Which Dad’s Army character are you in a crisis?

Watching some of the re-runs of the BBC’s immortal WWII comedy series, Dad’s Army, reminds me of the character types we can encounter (or, worse still, become!) in PR crises.

Photo courtesy of Dad’s Army Appreciation Society
www.dadsarmy.co.uk

See if you can recognise any of the following Home Guard types from your own crisis management experience:

The Panic Merchant – Lance Corporal Jones

When the captain made Jones, the local butcher, Lance Corporal, he said: “his experience will stand us in good steak, er… stead.” His most memorable catchphrase is: “Don’t panic, don’t panic.” But at the onset of calamity he loses the plot himself. He’s got the right idea, but he doesn’t quite exude the calming influence that he’s trying to promote.

The Smoothie – Sergeant Wilson

His laid back demeanor and impeccable manners may make him seem like a safe bet to put up for interview, but the media and the public may wonder if he’s a bit too relaxed about the whole affair. He perhaps doesn’t show enough concern or urgency about lessening the impact of the product recall on customers or the community affected by the chemical leak.

The Harbinger of Doom – Private Frazer

Meet the purveyor of doom and gloom, who always paints the worst case scenario. In crisis management it’s wise to anticipate what could go almost unthinkably wrong, but he crosses a line by practically willing disaster into reality. He’s definitely not the much-needed ray of hope in the team when chins are hitting the floor.

The Spiv – Private Walker

He’s the wartime black-marketeer who can lay his hands on anything from whisky to nylons. Ironically, he’s among the cleverest in the platoon and others turn to him for answers in tricky situations. He’s best kept well away from the media, though, as he will duck and dive to try and impress journalists and sell your business down the river.

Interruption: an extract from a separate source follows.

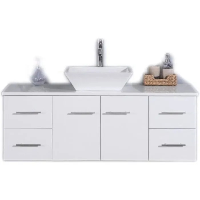 Totti Wave 48" White Modern Bathroom Vanity With Counter-Top And Sink Is one of the best wall mount bathroom vanities available in the east coast, if you're looking for a simple bathroom cabinet that could provide you the ease of space and clean floors and that will look very simple on your wall then Totti wave would be an optimum choice.
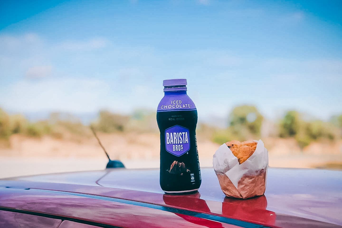 坐了一夜飞机,下了飞机就立刻开始长途奔袭强度还是有些大的,不一会儿早师傅就感觉困意来袭,刚好路边有一个加油站,进去买了一杯冰巧克力和早师傅最爱的马粪蛋糕,稍微歇口气再继续前进。

The Born Leader – Captain Mainwaring

Here’s a great respecter of authority – mainly his own. He won’t admit he maybe got it wrong and is likely to put what he would call ‘those spotty faced reporters’ in their place if they ask ‘insolent questions’ – the ones that the PR pro warned him about in the first draft of the Q & A list.

The Ingénu – Private Pike

This guy is so wet behind the ears he needs to wear a swimming cap to keep the water from leaking out. When the investigation into the cause of the crisis begins, he may well be a prime suspect because of his famed carelessness. When a crisis recovery plan kicks in, he’ll probably treat it like a bit of a game.

In answering my opening question in the headline, I know that you can safely answer: ‘none of the following.’ All the characters are comic extremes, but maybe they hint at a few genuine tendencies to avoid in a crisis situation when the heat’s on.

What Dad’s Army type situations, if any, have you encountered in real-life crisis PR situations?